# Aim of the task
Range to copy from the entries below: the line containing "Oys Modal Kumaş" through the line containing "A. P. Broomell’s", inclusive. Retype only those lines, exactly, without any images.

── Material shown ──

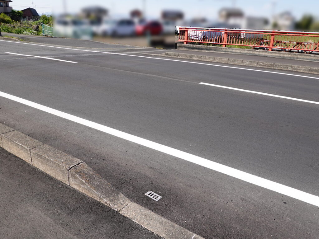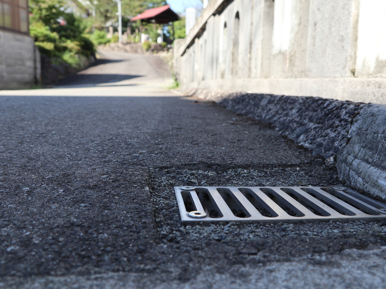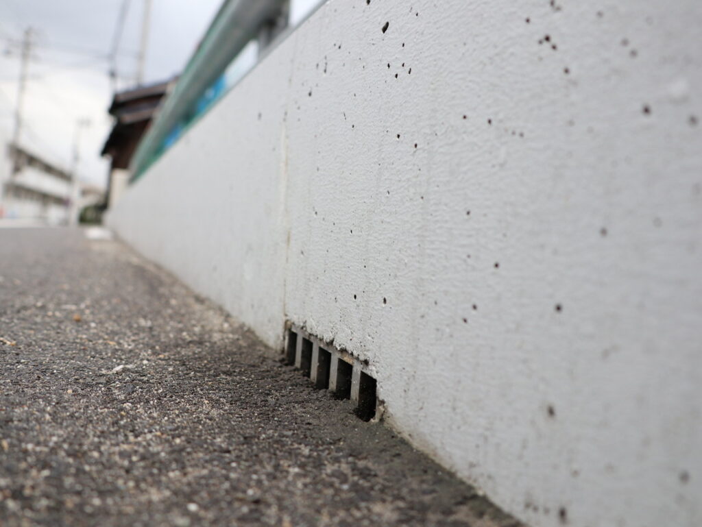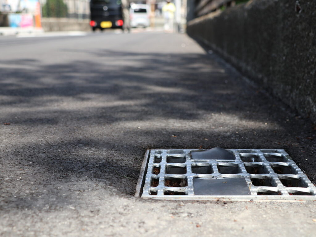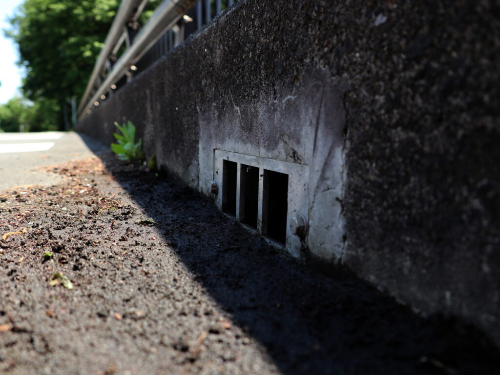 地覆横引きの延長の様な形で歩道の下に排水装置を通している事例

───
── Material shown ──

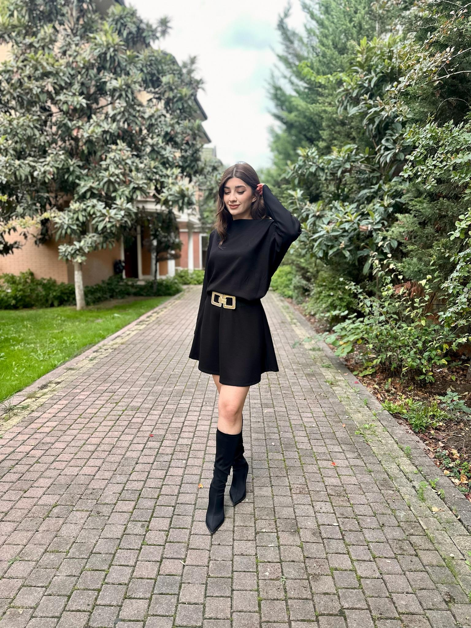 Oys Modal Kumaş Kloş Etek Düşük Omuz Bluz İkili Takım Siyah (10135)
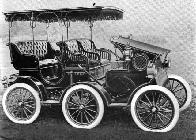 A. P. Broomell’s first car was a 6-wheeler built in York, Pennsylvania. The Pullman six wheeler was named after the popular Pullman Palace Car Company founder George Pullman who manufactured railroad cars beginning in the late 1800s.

───

# Reply
 Oys Modal Kumaş Kloş Etek Düşük Omuz Bluz İkili Takım Siyah (10135)
 A. P. Broomell’s first car was a 6-wheeler built in York, Pennsylvania. The Pullman six wheeler was named after the popular Pullman Palace Car Company founder George Pullman who manufactured railroad cars beginning in the late 1800s.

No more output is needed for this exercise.